Microfluidic technologies have seen great advances over the past few decades in addressing applications such as biochemical analysis, pharmaceutical development, and point-of-care diagnostics. Miniaturization of biochemical operations performed on lab-on-a-chip microfluidic platforms benefit from reduced sample, reagent, and waste volumes, as well as increased parallelization and automation. This allows for more cost-effective operations along with higher throughput and sensitivity for faster and more efficient sample analysis and detection.
Optoelectrowetting (OEW) is a digital optofluidic technology that is based on the principles of light-controlled electrowetting and enables the actuation and manipulation of discrete droplets. OEW devices have many advantages, such as the ability for large-scale, real-time, and reconfigurable control of picoliter- to microliter-sized droplets by adjusting the number and size of low-intensity optical light patterns incident on the device.

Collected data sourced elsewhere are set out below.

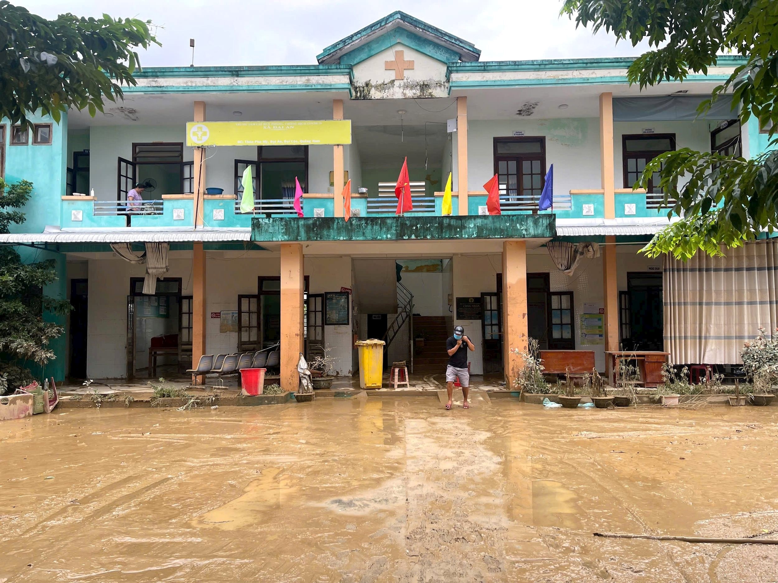 Mưa lũ khiến nhiều cơ sở y tế bị nhấn chìm trong nước.
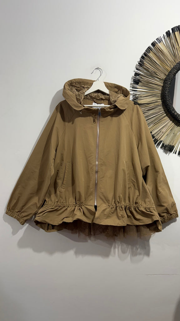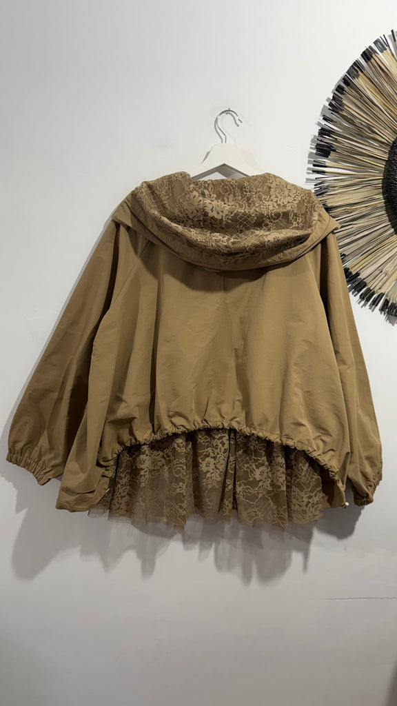 Chaqueta de tejido impermeable en color Camel. Tiene capucha y lleva detalles de blonda de encaje en el mismo tono. Tiene bolsillos laterales y el bajo y la parte de atrás lleva blonda en color Camel. En la parte de atrás lleva unos frunces con goma para poderlo ajustar.
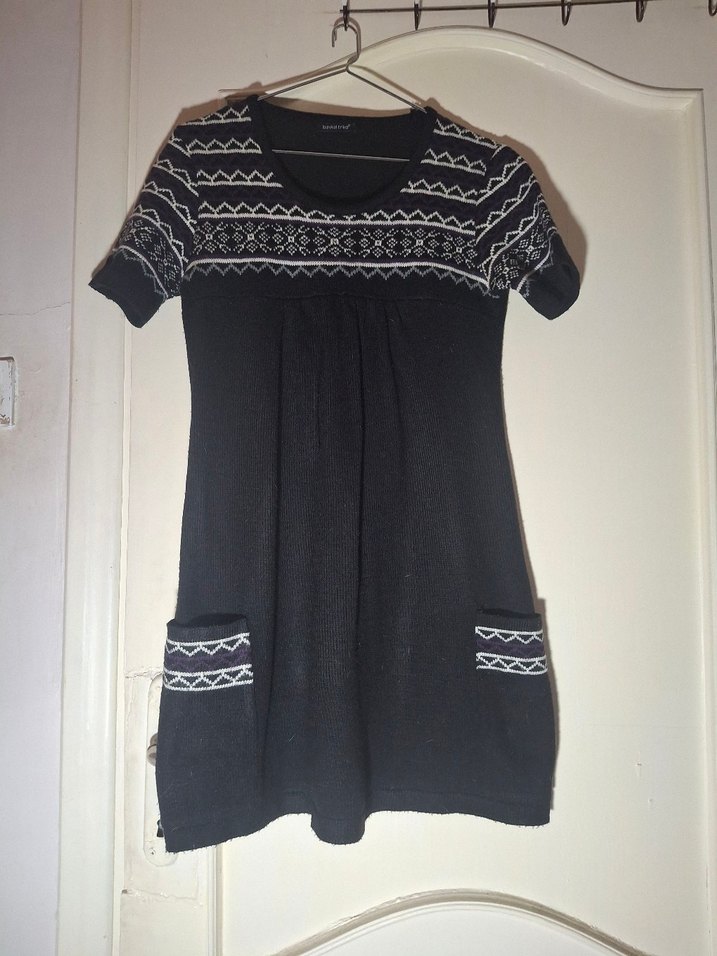 Kısa kollu, bisiklet yaka siyah örme midi elbise, üst kısmında ve ceplerinde gri geometrik desenler bulunur. Rahat ve salaş kesimlidir.

With each individual droplet on the OEW device acting as its own bioreaction chamber, the OEW device also has the ability to support multiplex capabilities. This can prove to be beneficial in applications such as single-cell analysis and genomics or combinatorial libraries.

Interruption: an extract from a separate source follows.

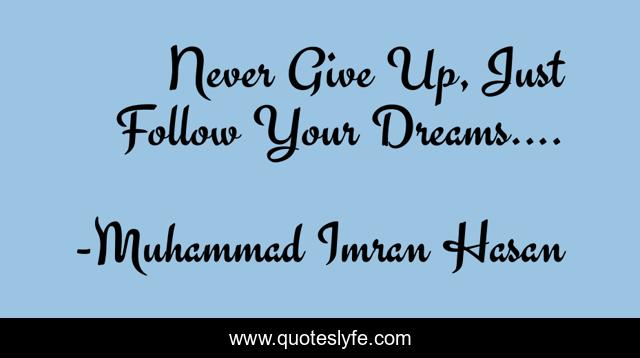 "Muhammad Imran Hasan Quotes." Quoteslyfe.com, 2025. Mon. 08 Dec. 2025. <https://www.quoteslyfe.com/quote/Never-Give-Up-Just-Follow-Your-Dreams-95468>.
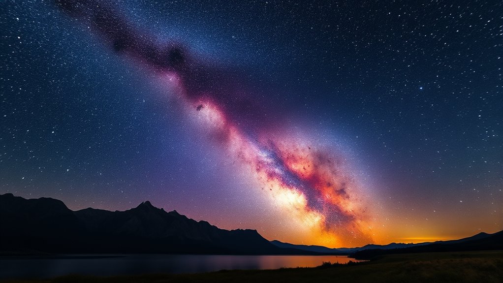 Lens distortion is like a funhouse mirror, warping the view and stretching or bending the stars. It can make the Milky Way appear warped or skewed, reducing the photo’s clarity and beauty. To get sharp, natural shots, I look for lenses with minimal distortion and use software to correct any imperfections. This way, I keep the celestial masterpiece true to its stunning form, capturing the night sky’s magic.

Previous traditional OEW devices provide a flexible platform to perform chemical and biological assays such as real-time isothermal polymerase chain reaction with basic droplet manipulation techniques. However, in these OEW devices, droplets are sandwiched between a bottom active OEW substrate and a top layer ground electrode substrate, forcing any input/output fluidic configurations to be integrated from the side openings. Although feasible, this can prove to be limiting for system integration.
Researchers from the University of California, Berkeley, created a single-sided, co-planar OEW device that allows for individualized and parallel droplet actuation and benefits from easier droplet accessibility from above for more input/output configuration schemes. This was achieved by eliminating the need for a top cover electrode found in traditional OEW devices by fabricating a metal mesh grid integrated on the OEW device. Droplets can still move freely around the two-dimensional device surface and are now accessible from above due to the open-top design.

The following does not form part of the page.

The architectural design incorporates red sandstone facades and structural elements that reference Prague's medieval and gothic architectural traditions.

In their research, recently published in SPIE's new Journal of Optical Microsystems, they have also derived a theoretical model of the co-planar OEW device to better understand how the integrated metal mesh grid affects device and droplet performance. Analysis gathered from the co-planar OEW model was used to optimize the co-planar device structure and operation. They have demonstrated the ability for basic droplet manipulation, such as individual droplet operations in parallel, merging of multiple droplets, and the ability to handle and move droplets with varying volumes simultaneously.
The co-planar device improves on the traditional OEW device's droplet actuation performance with speeds more than two times faster, up to 4.5 cm/s. Higher droplet speeds on the co-planar OEW device achieved despite a marginal reduction in effective force compared to the traditional OEW device can be partly attributed to the reduction in friction due to elimination of the top cover.
In addition, the ability to operate co-planar OEW devices with 95% reduced light intensity was demonstrated. To showcase the benefit of having exposed droplets to accommodate a wider range of input/output configurations, a droplet-on-demand dispensing system from above was integrated with the co-planar OEW device to inject, collect, and position individual droplets and form large-scale droplet arrays of up to 20 by 20, covering the whole device surface area. Creating larger OEW devices should allow for even more droplets to be accommodated on chip.
With this research, the team has developed an OEW platform for reliable droplet manipulation that can accomplish most basic biological and chemical benchtop techniques. The co-planar OEW device expands the flexibility and range of possibilities for optofluidic technologies to realize greater system integration capabilities and biological and chemical applications.